Data entries
○ ○ ○

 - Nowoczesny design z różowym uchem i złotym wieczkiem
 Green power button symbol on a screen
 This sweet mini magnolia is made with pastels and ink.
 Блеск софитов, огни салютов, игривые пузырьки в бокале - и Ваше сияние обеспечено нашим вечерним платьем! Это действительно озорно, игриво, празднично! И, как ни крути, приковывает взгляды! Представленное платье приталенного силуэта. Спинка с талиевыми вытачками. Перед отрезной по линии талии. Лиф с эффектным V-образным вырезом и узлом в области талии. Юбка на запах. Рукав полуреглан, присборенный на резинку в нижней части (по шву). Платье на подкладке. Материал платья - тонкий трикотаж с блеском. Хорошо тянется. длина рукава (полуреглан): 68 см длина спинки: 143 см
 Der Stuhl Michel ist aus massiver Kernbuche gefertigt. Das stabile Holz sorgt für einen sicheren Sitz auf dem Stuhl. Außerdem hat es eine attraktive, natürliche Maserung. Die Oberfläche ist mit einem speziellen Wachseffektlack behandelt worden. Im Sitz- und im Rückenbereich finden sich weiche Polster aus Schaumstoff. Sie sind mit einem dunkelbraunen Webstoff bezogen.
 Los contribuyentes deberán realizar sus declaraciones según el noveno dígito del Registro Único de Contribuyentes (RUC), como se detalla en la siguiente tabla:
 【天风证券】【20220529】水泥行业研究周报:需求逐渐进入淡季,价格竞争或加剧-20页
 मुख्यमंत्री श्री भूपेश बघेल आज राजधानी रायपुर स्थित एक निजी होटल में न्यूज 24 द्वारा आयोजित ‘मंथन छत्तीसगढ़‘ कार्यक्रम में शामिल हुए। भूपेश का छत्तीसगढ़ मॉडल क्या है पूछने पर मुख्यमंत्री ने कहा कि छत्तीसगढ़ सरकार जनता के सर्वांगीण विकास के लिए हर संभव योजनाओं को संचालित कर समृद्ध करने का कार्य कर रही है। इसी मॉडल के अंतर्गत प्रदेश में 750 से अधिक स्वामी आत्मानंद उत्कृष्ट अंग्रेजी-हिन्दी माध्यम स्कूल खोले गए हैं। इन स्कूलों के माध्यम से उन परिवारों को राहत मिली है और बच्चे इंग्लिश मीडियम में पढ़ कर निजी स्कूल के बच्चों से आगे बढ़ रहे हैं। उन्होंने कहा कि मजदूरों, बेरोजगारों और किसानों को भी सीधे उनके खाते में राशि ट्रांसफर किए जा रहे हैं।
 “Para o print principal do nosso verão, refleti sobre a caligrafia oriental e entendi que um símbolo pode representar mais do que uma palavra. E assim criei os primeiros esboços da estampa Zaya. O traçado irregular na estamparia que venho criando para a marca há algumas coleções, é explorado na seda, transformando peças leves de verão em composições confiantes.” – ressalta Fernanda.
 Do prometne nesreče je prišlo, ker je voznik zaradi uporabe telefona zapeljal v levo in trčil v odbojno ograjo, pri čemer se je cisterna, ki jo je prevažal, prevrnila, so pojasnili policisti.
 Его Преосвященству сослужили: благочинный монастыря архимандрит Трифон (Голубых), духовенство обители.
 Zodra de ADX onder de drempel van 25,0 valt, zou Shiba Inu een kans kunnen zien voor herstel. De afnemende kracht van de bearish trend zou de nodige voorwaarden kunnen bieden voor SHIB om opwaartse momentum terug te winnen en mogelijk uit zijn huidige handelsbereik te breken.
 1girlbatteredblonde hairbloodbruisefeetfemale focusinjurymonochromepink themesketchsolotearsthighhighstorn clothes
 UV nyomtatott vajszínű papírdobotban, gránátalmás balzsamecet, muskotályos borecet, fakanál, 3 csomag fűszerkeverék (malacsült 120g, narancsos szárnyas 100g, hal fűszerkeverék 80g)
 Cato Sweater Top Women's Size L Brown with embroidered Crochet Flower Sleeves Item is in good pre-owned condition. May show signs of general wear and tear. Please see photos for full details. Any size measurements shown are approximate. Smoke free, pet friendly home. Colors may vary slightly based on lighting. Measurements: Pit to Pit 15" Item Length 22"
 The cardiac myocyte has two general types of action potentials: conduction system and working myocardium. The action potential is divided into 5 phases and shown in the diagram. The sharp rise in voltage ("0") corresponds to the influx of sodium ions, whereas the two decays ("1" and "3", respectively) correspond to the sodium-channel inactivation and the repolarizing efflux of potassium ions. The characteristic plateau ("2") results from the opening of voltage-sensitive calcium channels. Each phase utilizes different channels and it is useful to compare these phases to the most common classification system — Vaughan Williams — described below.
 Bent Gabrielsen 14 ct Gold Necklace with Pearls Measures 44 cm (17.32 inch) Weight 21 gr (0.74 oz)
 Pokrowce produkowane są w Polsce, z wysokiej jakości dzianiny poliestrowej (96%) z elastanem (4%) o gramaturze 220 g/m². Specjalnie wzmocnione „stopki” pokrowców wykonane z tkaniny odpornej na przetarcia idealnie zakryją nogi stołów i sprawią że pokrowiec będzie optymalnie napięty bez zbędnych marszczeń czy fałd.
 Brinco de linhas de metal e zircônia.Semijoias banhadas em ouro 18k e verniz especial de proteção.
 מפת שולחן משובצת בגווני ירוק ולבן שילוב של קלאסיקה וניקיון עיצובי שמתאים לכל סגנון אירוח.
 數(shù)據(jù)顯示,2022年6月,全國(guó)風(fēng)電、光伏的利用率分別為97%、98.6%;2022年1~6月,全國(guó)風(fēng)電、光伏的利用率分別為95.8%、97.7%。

○ ○ ○

◆ Problem ◆
Copy, character for character, the lines from the line that holds "Pokrowce produkowane są" through the final line of the records above.

◆ Response below ◆
 Pokrowce produkowane są w Polsce, z wysokiej jakości dzianiny poliestrowej (96%) z elastanem (4%) o gramaturze 220 g/m². Specjalnie wzmocnione „stopki” pokrowców wykonane z tkaniny odpornej na przetarcia idealnie zakryją nogi stołów i sprawią że pokrowiec będzie optymalnie napięty bez zbędnych marszczeń czy fałd.
 Brinco de linhas de metal e zircônia.Semijoias banhadas em ouro 18k e verniz especial de proteção.
 מפת שולחן משובצת בגווני ירוק ולבן שילוב של קלאסיקה וניקיון עיצובי שמתאים לכל סגנון אירוח.
 數(shù)據(jù)顯示,2022年6月,全國(guó)風(fēng)電、光伏的利用率分別為97%、98.6%;2022年1~6月,全國(guó)風(fēng)電、光伏的利用率分別為95.8%、97.7%。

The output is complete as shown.